Supreme Court Seems Skeptical of Biden Vaccination Mandates

The Supreme Court seemed skeptical this morning of the Biden administration’s bold claim that it has the authority to impose vaccination mandates applying to more than 84 million private sector employees.

In a rare Friday sitting the high court seemed broadly receptive to the argument that states have authority to impose vaccination mandates but questioned the ability of federal agencies to do the same.

The court decided Dec. 22, 2021, to fast-track emergency applications pertaining to challenges to the two mandates’ lawfulness as those challenges work their way through the lower courts. Various business groups, along with Ohio, Missouri, Louisiana and two dozen other states, want the federal mandates blocked.

The private sector worker mandate, which imposes penalties on employers of up to $14,000 per violation, is not currently stayed by any court; the health care worker mandate has been frozen by lower courts.

The court was in the process of hearing two separate oral arguments Jan. 7 on the mandates. At time of writing, the first argument, which was on the private sector mandate, had been completed, running more than twice as long as the allotted 60 minutes.

The first case, National Federation of Independent Business (NFIB) v. Department of Labor, court file 21A244, concerns the Biden administration’s attempt through the Occupational Safety and Health Administration (OSHA) to force employers with at least 100 employees –or most of the nation’s private workforce— to submit to vaccinations aimed at preventing COVID-19 or to regular testing to detect it.

Unless paused, the mandate will begin taking effect this Monday, Jan. 10, at which point “America’s businesses will immediately begin incurring billions in nonrecoverable compliance costs, and they will lose employees amid a preexisting labor shortage,” NFIB argues in a brief.

“OSHA’s sweeping regulatory dictate” will “irreparably injure the very businesses that Americans have counted on to widely distribute COVID-19 vaccines and protective equipment to save lives—and to keep them fed, clothed, and sustained during this now two-year-long pandemic.” The mandate will also “convert hundreds of thousands of businesses into de facto public health agencies for two-thirds of America’s private employees.”

In the second case, Biden v. Missouri, court file 21A240, the federal government seeks to lift lower court stays blocking it from enforcing a Nov. 4, 2021 emergency regulation by the Department of Health and Human Services (HHS) requiring the COVID-19 vaccination of more than 10 million employees at health care facilities that participate in the Medicare and Medicaid programs.

If the injunctions that are currently in place pausing the HHS mandate are not lifted “hundreds or thousands of deaths and serious illnesses from COVID-19 that could otherwise be prevented” will probably occur, the Biden administration argues in a brief.

During oral arguments on the private sector mandate, Chief Justice John Roberts said the federal government appears to be overreaching.
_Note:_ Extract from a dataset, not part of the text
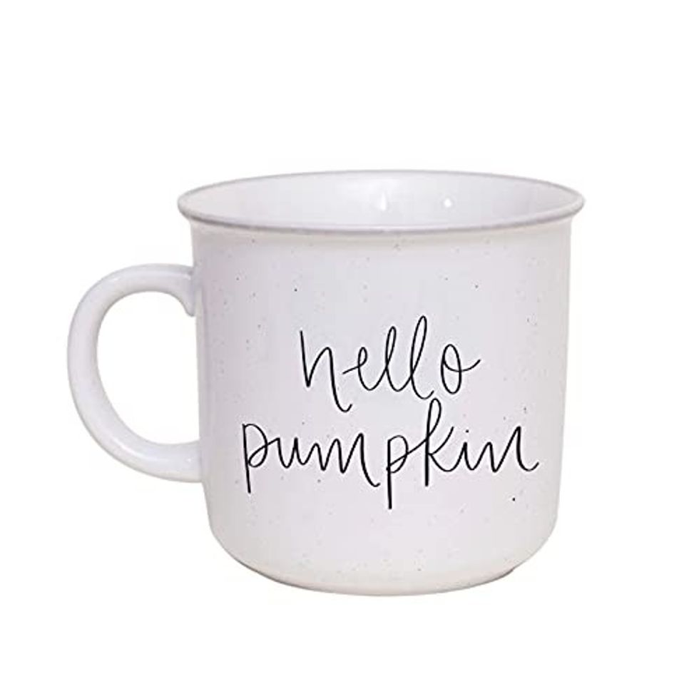 Sip on your morning coffee while basking in the feeling of fall with this "Hello Pumpkin" mug. Made with dishwasher and microwave safe ceramic, this campfire style mug just feels like a warm hug. You'll love the minimalist design and high quality — plus, who can ever have too many mugs?

The executive branch is attempting to “cover the waterfront” by imposing COVID-19 policies on the population at large instead of leaving the matter to Congress, Roberts said.

“This has been referred to … as a workaround,” he said. “This is something that the federal government hasn’t done before.”

This pandemic “sounds like the sort of thing that states will be responding to or should be and Congress should be responding to or should be, rather than agency by agency the federal government and the executive branch acting alone,” the chief justice said.

Justice Neil Gorsuch said health regulations normally fall to the states.

“If there is an ambiguity, why isn’t this a major question that therefore belongs to the people’s representatives in the states and in the halls of Congress?” he said.

NFIB attorney Scott A. Keller said OSHA’s “economy-wide, one-size-fits-all mandate covering 84 million Americans is not a necessary and indispensable use of OSHA’s extraordinary emergency power which this court has recognized is narrowly circumscribed.”

Keller noted that three days ago the U.S. Postal Service told OSHA that the mandate requirements “are so burdensome for employers that the federal government is now seeking an exemption from its own mandate for the Postal Service.”

“That’s because OSHA’s economy-wide mandate would cause permanent worker displacement rippling through our national economy, which is already experiencing labor shortages and fragile supply lines. OSHA has never before mandated vaccines or widespread testing,” he said.

OSHA, “a single federal agency tasked with occupational standards, cannot commandeer businesses economy-wide,” Keller said.

Justice Elena Kagan said federal agencies have expertise in disease management and suggested OSHA has the authority to make the mandate because “this is a pandemic in which nearly a million people have died.”

“It is by far the greatest public health danger that this country has faced in the last century. More and more people are dying every day; more and more people are getting sick every day,” she said.

Keller said he did not contest “that COVID is a grave danger … but the agency has to consider and explain alternatives.” OSHA, instead “jumped immediately to a vaccine or testing mandate.”

The second hearing, dealing with the health care worker mandate, was underway at press time.

This is a developing story. It will be updated.